Now let’s break it down with an example:
- A patient enters their problem description in their own words: ‘I have anxiety and panic attacks when I am in public spaces and when I have to talk to people I don’t know very well. Some examples include work meetings, weddings, and going places I don’t know.’
- With basic information covered, Limbic Access gathers initial outcome measures as part of the Talking Therapies dataset. This includes: PHQ-9, GAD-7, Phobia Scale, and WSAS (Work and Social Adjustment Scale). With free text inputs and minimum data set outcome (MDS) measure scores, our artificial intelligence algorithm can now select the appropriate ADSMs. This form of tightly controlled, automated decision making is why Limbic Access is regulated as a Class IIa Medical device. Read more about this here.

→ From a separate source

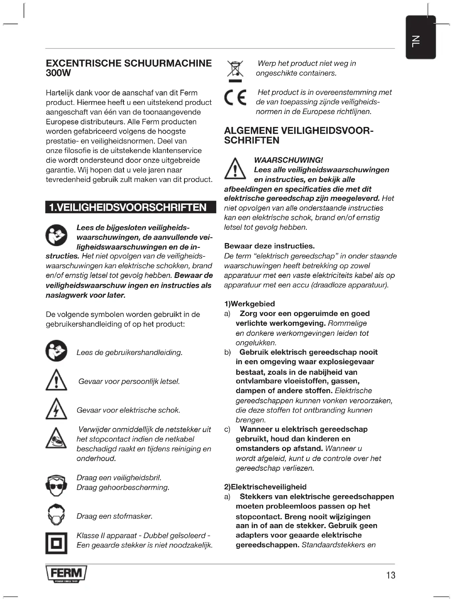 EXCENTRISCHE SCHUURMACHINE 300W Hartelijk dank voor de aanschaf van dit Ferm product. Hiermee heeft u een uitstekend product aangeschaft van één van de toonaangevende Europese distributeurs. Alle Ferm producten worden gefabriceerd volgens de hoogste prestatie- en veiligheidsnormen. Deel van onze filosofie is de uitstekende klantenservice die wordt ondersteund door onze uitgebreide garantie. Wij hopen dat u vele jaren naar tevredenheid gebruik zult maken van dit product.

- In this example, based on the MDS outcome measure data and the free text input, Limbic Access considers that this patient has anxiety, and therefore the probabilistic model chooses the following ADSMs to gather at the point of referral: PDSS & SPIN.
- A summary of this information is uploaded into your Patient Management System.
As we aim to refine and improve mental health services, the use of ADSMs are an integral step towards more personalised and effective care. By embracing these measures, clinicians can offer treatments tailored to the individual, paving the way for more accurate assessments and better outcomes.